Потому что с Педро я узнала легкость и бесстрашие, и покой снизошел в мою душу.
Я уже давно перестала запирать мой чемодан. Не потому, что убедилась, что у меня не крадут деньги, ноутбук и айфон, а потому, что мне это стало по барабану.
Я спокойно оставляю всю технику на столе. Алехандро хорошо знает, где лежит конверт со всеми моими деньгами. И он знает, что там такая сумма, которую ему, может быть, не заработать за год.
А ведь, если задуматься, я для него всего лишь девочка, которую он знает две недели. Девочка, которая с легкостью проматывает в день его трехмесячную зарплату, не беспокоясь, что с ним будет, когда она отчалит.
Алехандро безразличен к деньгам, но он понимает самую суть жизни. И меня, приехавшую из города, где все помешаны на деньгах, он сумел вылечить от моих страхов.Мы отправились за свиньей и овощами для пасхального стола. День уже клонился к вечеру. Мы засиделись у Ариэля и теперь увидели лишь закрытый универмаг и пустые рыночные ряды, где один грустный нищий продавал грустные мятые помидоры. Рядом с ним в мусоре рылись дети, мальчик и девочка. Мясной ряд было легко определить по кровавым лужам на полу, продавцы уже разошлись. Мне вспомнилось, как в девяностые годы мама приспособилась варить томатный суп из помятых помидор, потому что другие были слишком дороги. Она срезала испорченные части, и получалось неплохо, если удавалось раздобыть еще хотя бы пол-луковицы.
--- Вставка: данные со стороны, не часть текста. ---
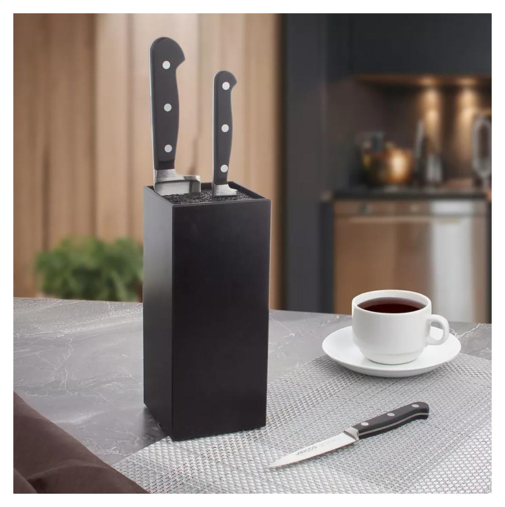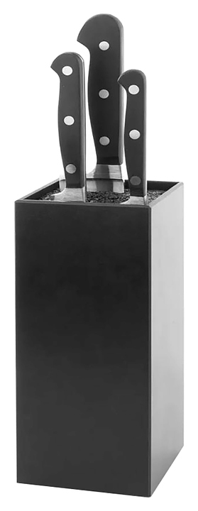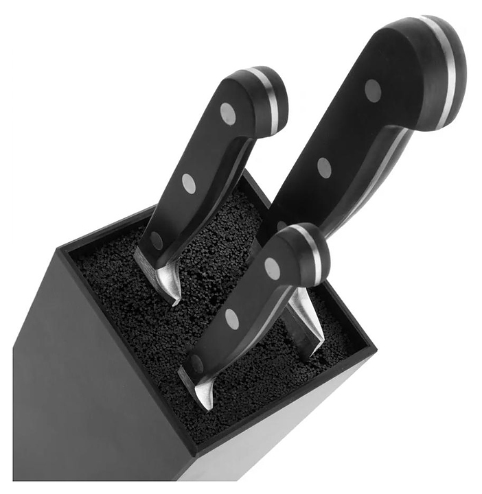 Набор ножей Arcos Clasica AR251015 предназначен для нарезки и разделки различных продуктов на предприятиях общественного питания и торговли. Рукоятки изготовлены из полиоксиметилена, который отличается износостойкостью, устойчивостью к воздействию разницы температур, пластичностью, прочностью и отсутствием взаимодействия с влагой, кислотными или щелочными растворами. Клинки выполнены из стального сплава NITRUM, устойчивого к коррозии и долговечного, длительно сохраняющего остроту режущей кромки и первоначальный внешний вид во время всего периода эксплуатации. Подставка изготовлена из бумажно-слоистого композитного материала. Комплектация: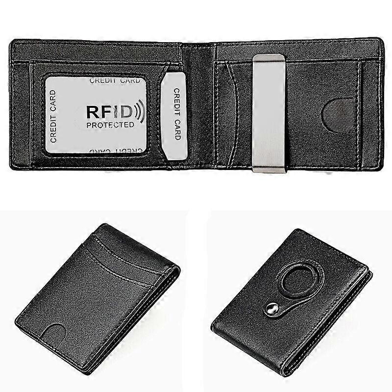 Men Slim Airtag Wallet with Money Clip RFID Blocking Leather Card Air Tag Case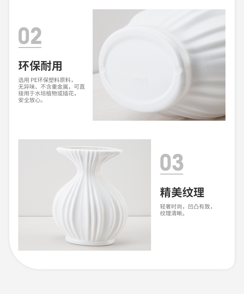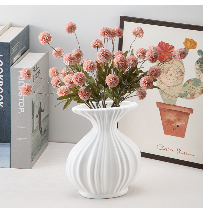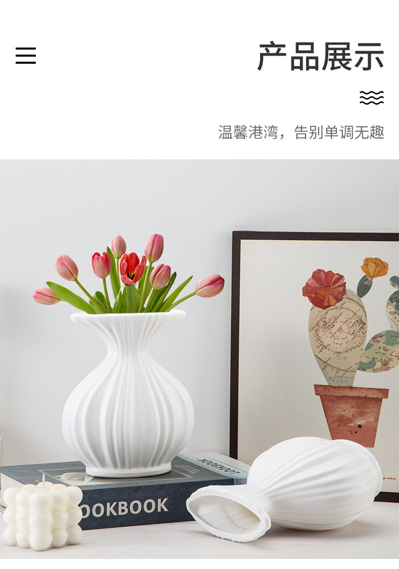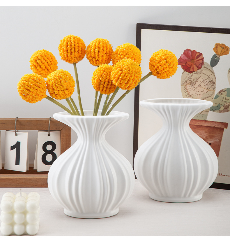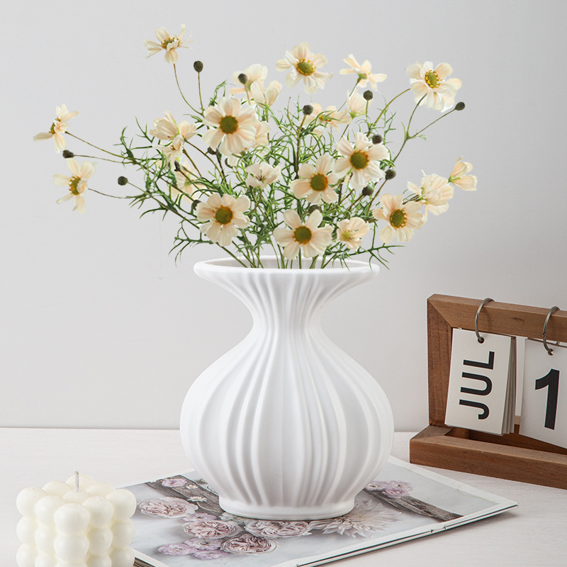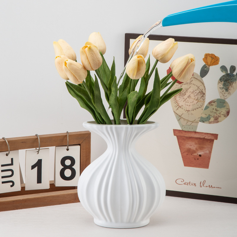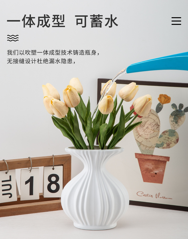 塑料花瓶ins奶油仿陶瓷小花瓶客厅摆件插花鲜花瓶可蓄水装饰花瓶

Зато рядом с рынком я увидела работающую аптеку. И купила мазь против грибка.
Потом Алехандро убежал куда-то и вернулся с мужиками, в руках у которых были длинные ножи. Они то и дело клацали лезвием о лезвие. А еще один нес свиную ногу, которую гордо бросил на мраморный разделочный стол. Нога оказалась размером с крупный хамон, что продаются у нас в правильных магазинах, только мясо здесь было сырое.
Вокруг ноги разгорелся торг. Алехандро и мужики вопили как безумные. Глаза у всех налились кровью, и мне стало казаться, что продавцы сейчас прирежут Алехандро.
– Все в порядке? – робко спросила я, готовая бежать за полицией.
– Они хотят за свинину двадцать куков, – как бы извиняясь, сказал он.
На наши деньги это шестьсот пятьдесят рублей. Столько стоит в Москве два кило мяса. Здесь его было раз в десять больше.
Я дала продавцам двадцать куков, и мужики засияли как лампочки.